About the Tool

The State Pension Tracker, created by the Pension Integrity Project at Reason Foundation, uses a combination of Public Plans Data (PPD) and its own proprietary set of data and calculations. Historical data is sourced directly from publicly available annual comprehensive financial reports (ACFR) and actuarial valuations, which are published by plans.
Public pension plans report their own annual investment gains and losses on their own timetables, and states use different fiscal year-end dates, so actual 2023 investment return results are not available at the time of this writing (Sept. 2023) and will not be immediately available for most state pension plans.
For state and public pension plans that have not yet reported their investment returns for 2023, the tool applies whatever investment return rate that the user selects in the “2023 Return” slider to estimate the pension system’s 2023 assets and debt — “UAL & Return Estimate/Projection.”
Once a new 2023 investment return result is officially reported by a public pension system, and before official unfunded liability figures are released in annual reports, the tool applies the reported investment return to estimate the pension system's debt, or “UAL Estimate.”
The tool's unfunded accrued liability (UAL) and funded ratio estimates use a market value of assets.
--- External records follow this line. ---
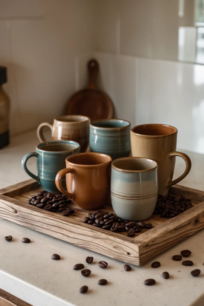 I cleared one counter, added a tray, some mugs, and a little plant. Now, that spot is my cute coffee station. You can do it with just what you already have.
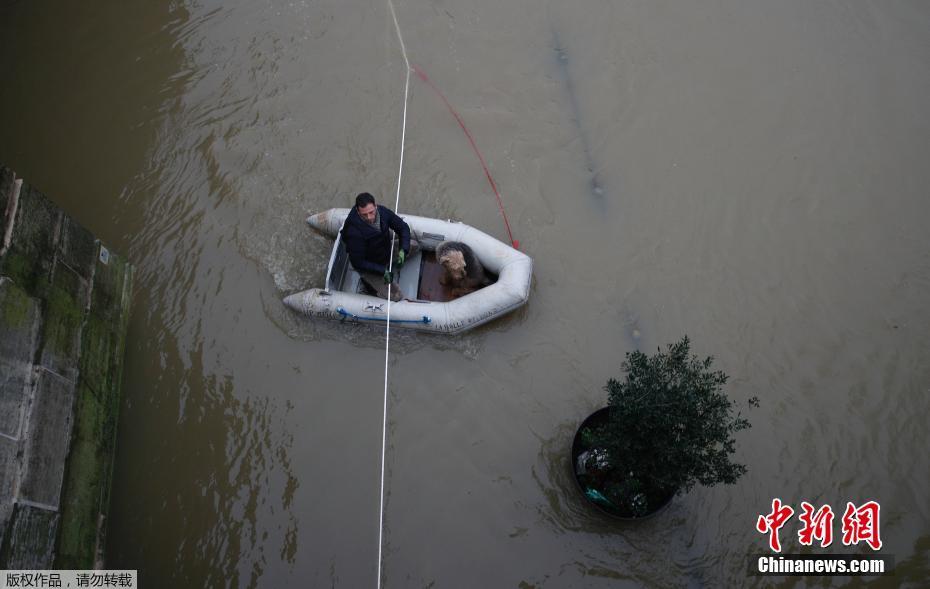 法国塞纳河上升淹没街道 民众乘舟出行
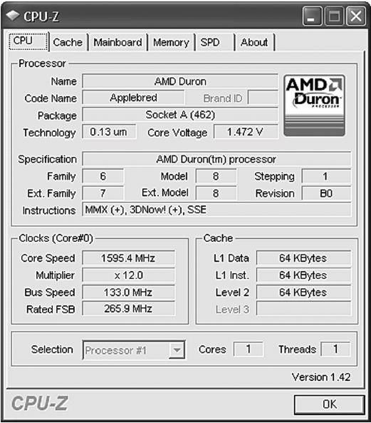 • CPU-Z – позволяет получить информацию о процессоре, материнской плате, оперативной памяти (рис. 18.7-18.8). Сугубо информационная программа, тем не менее правильно определяющая название, модель процессора, напряжение питания, размер и местонахождение кэша. Одним словом, загружайте данную программу с сайта http://www.cpuid.com/cpuz.php – не пожалеете;

This tool will be updated regularly throughout the year to reflect the new investment return data and unfunded liability figures as they are made publicly available in public pension plans' annual reports.
For any questions or comments about the State Pension Tracker, please contact zachary.christensen@reason.org.
Reason Foundation’s pension reform research and analysis is available here.

Notes on Methodology

Denoting the states' returns or unfunded liability figures as "official" or "estimate" is not exactly straightforward. One way to do this is to label a state's aggregate number as "official" when all the associated state plans' numbers have been released. A problem with this approach is a small state plan that has not reported the number would render the whole state's number "unofficial", even though that plan has a negligible effect on the state's figure. Instead of doing that, we modified the conditional by using an "official threshold": if the state plans that have reported the number already make up more than 90% of the state's actuarial accrued liability, then the state's aggregate number is considered "official", even though some small plans of that state have not released their figures yet.
The inflation adjustment is done with the Consumer Price Index for All Urban Consumers - All Items (CPIAUCSL). The base year used to calculate the real dollar amounts is 2023. For example, the inflation adjusted unfunded liability for year 2020 is calculated as follows:
real UAL_2020 = nominal UAL_2020 * CPI_2023 / CPI_2020
The CPI data for 2023 however is not yet complete. For the missing months, we estimate the CPI by assuming they will follow the same annualized inflation rate as the most recent month for which we have data.